§ SUPPLIED INFORMATION
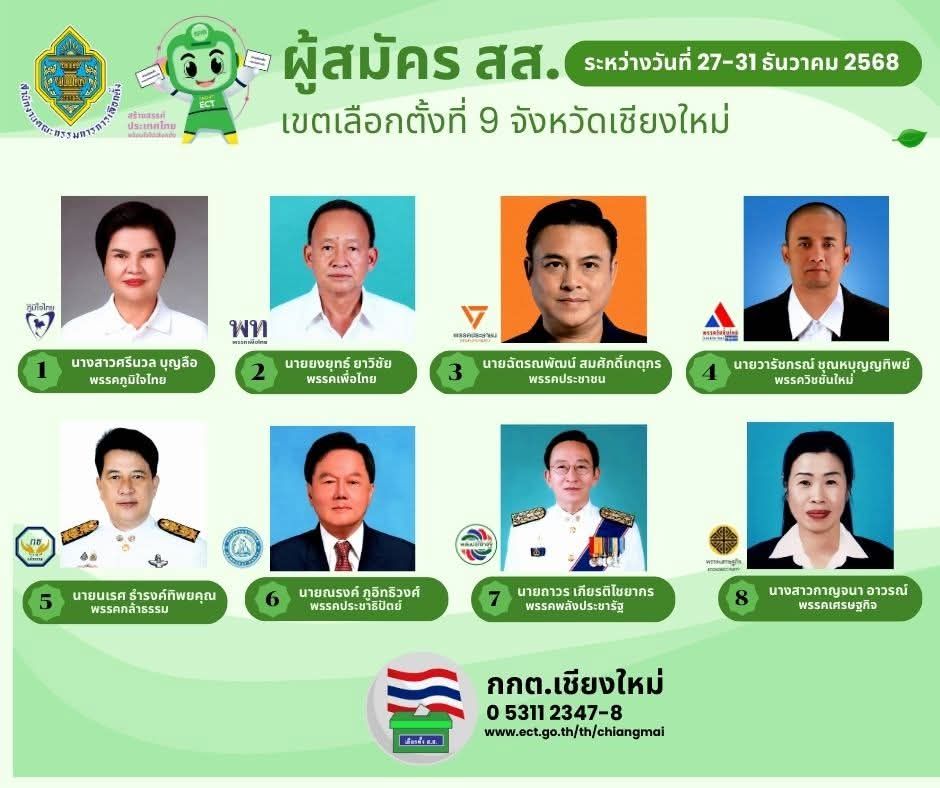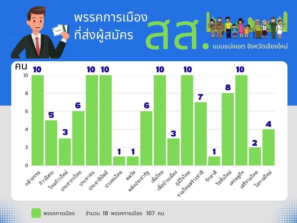 นายนพดล สุยะ ผู้อำนวยการสำนักงานคณะกรรมการการเลือกตั้งจังหวัดเชียงใหม่ เผยต่อผู้สื่อข่าวว่าหลังจากเปิดรับสมัครรับเลือกตั้งสมาชิกสภาผู้แทนราษฎรจำนวน 10 เขต มีผู้สมัครรับเลือกตั้งจาก 18 พรรคการเมือง จำนวนทั้งสิ้น 107 คน ซึ่งเป็นอันดับ 3 ของประเทศ เป็น เขตที่ 1 จำนวน 12 คน ,เขตที่ 2 จำนวน 12 คน ,เขตที่ 3 จำนวน 14 คน ,เขตที่ 4 จำนวน 13 คน ,เขตที่ 5 จำนวน 12 คน ,เขตที่ 6 จำนวน 8 คน ,เขตที่ 7 จำนวน 9 คน ,เขตที่ 8 จำนวน 12 คน ,เขตที่ 9 จำนวน 8 คน และเขตที่ 10 จำนวน 7 คน พรรคการเมืองที่ส่งครบทั้ง 10 เขต มีจำนวน 6 พรรค คือ 1,พรรคกล้าธรรม, 2 พรรคประชาชน ,3 พรรคประชาธิปัตย์ ,4พรรคเพื่อไทย ,5 พรรคภูมิใจไทยและ6 พรรคเศรษฐกิจ
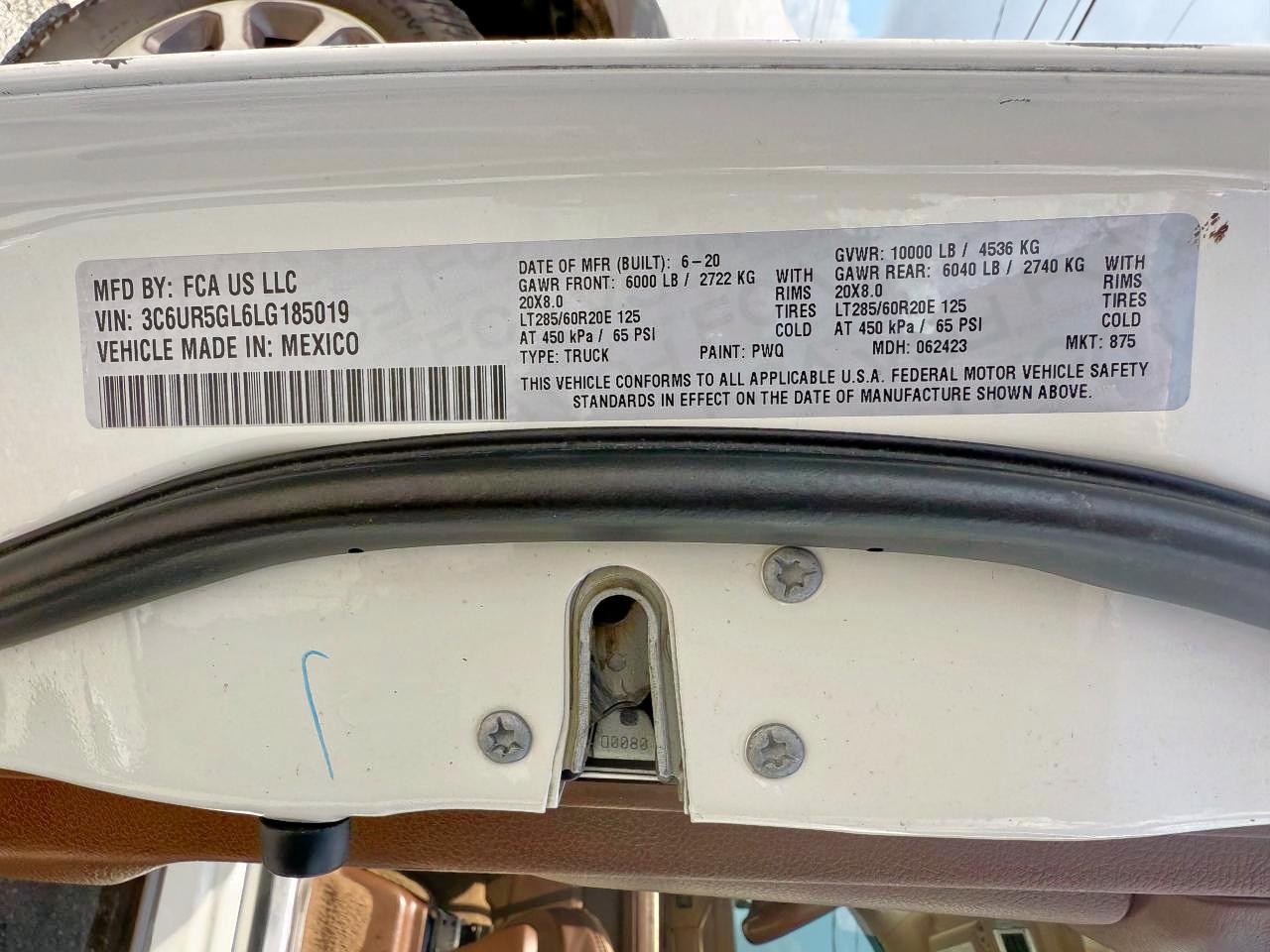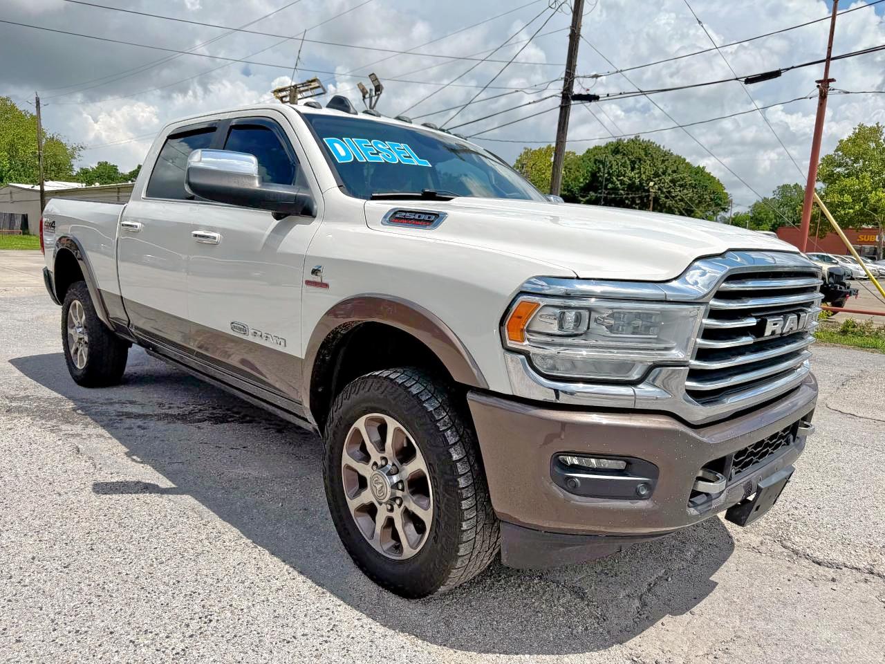 GoodThis is a 2020 RAM 2500 Longhorn, white in color, with a Run & Drive Verified status. The vehicle has sustained hail damage, and minor dents/scratches are present. The wheels, lights, and glasses appear to be in good condition. The interior shows minimal wear and tear. Overall, the truck is in good condition, suitable for repair and ready for action!
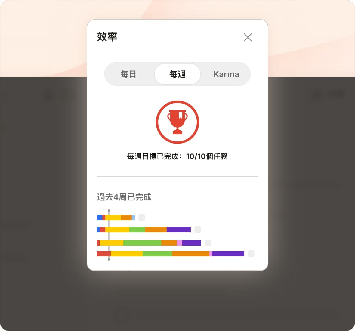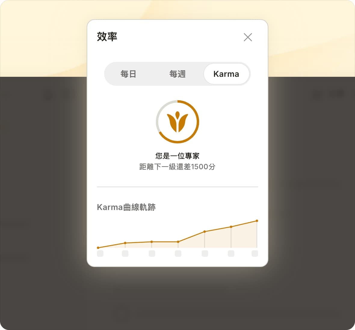 完成任務,累積動力,獲得分數來升級為Todoist大師。
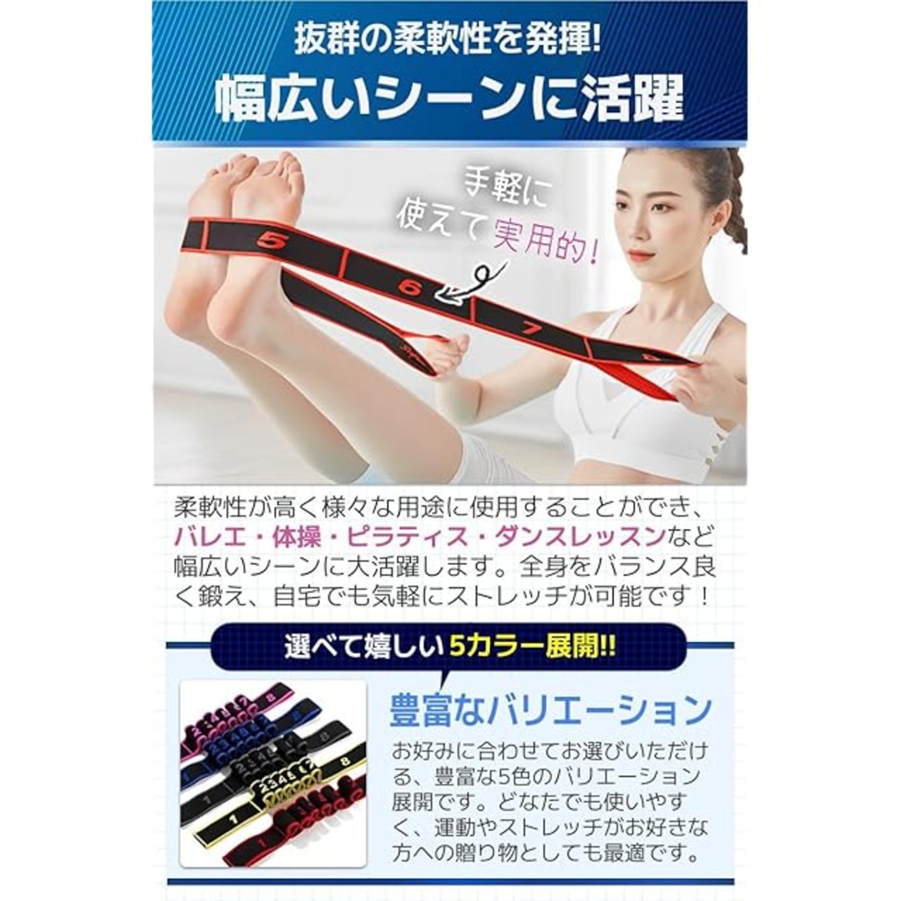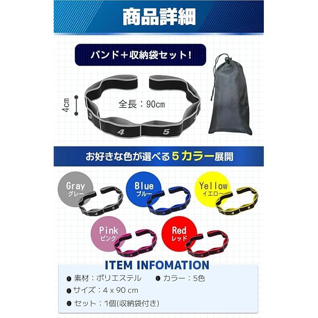 【商品特徴】①嬉しい収納袋付き:持ち運びに便利な収納袋がセットに!/②抜群のストレッチ性:高クオリティのエクササイズを実現/③劣化がしにくい素材:高耐久のポリエステルで変形がしにくい!/④ギフトにもおすすめ:ヨガや運動がお好きな方への贈り物に

§ EXERCISE INSTRUCTIONS
Every line above gets copied exactly; none of the pictures do.

§ ANSWER TO THIS EXERCISE
 นายนพดล สุยะ ผู้อำนวยการสำนักงานคณะกรรมการการเลือกตั้งจังหวัดเชียงใหม่ เผยต่อผู้สื่อข่าวว่าหลังจากเปิดรับสมัครรับเลือกตั้งสมาชิกสภาผู้แทนราษฎรจำนวน 10 เขต มีผู้สมัครรับเลือกตั้งจาก 18 พรรคการเมือง จำนวนทั้งสิ้น 107 คน ซึ่งเป็นอันดับ 3 ของประเทศ เป็น เขตที่ 1 จำนวน 12 คน ,เขตที่ 2 จำนวน 12 คน ,เขตที่ 3 จำนวน 14 คน ,เขตที่ 4 จำนวน 13 คน ,เขตที่ 5 จำนวน 12 คน ,เขตที่ 6 จำนวน 8 คน ,เขตที่ 7 จำนวน 9 คน ,เขตที่ 8 จำนวน 12 คน ,เขตที่ 9 จำนวน 8 คน และเขตที่ 10 จำนวน 7 คน พรรคการเมืองที่ส่งครบทั้ง 10 เขต มีจำนวน 6 พรรค คือ 1,พรรคกล้าธรรม, 2 พรรคประชาชน ,3 พรรคประชาธิปัตย์ ,4พรรคเพื่อไทย ,5 พรรคภูมิใจไทยและ6 พรรคเศรษฐกิจ
 GoodThis is a 2020 RAM 2500 Longhorn, white in color, with a Run & Drive Verified status. The vehicle has sustained hail damage, and minor dents/scratches are present. The wheels, lights, and glasses appear to be in good condition. The interior shows minimal wear and tear. Overall, the truck is in good condition, suitable for repair and ready for action!
 完成任務,累積動力,獲得分數來升級為Todoist大師。
 【商品特徴】①嬉しい収納袋付き:持ち運びに便利な収納袋がセットに!/②抜群のストレッチ性:高クオリティのエクササイズを実現/③劣化がしにくい素材:高耐久のポリエステルで変形がしにくい!/④ギフトにもおすすめ:ヨガや運動がお好きな方への贈り物に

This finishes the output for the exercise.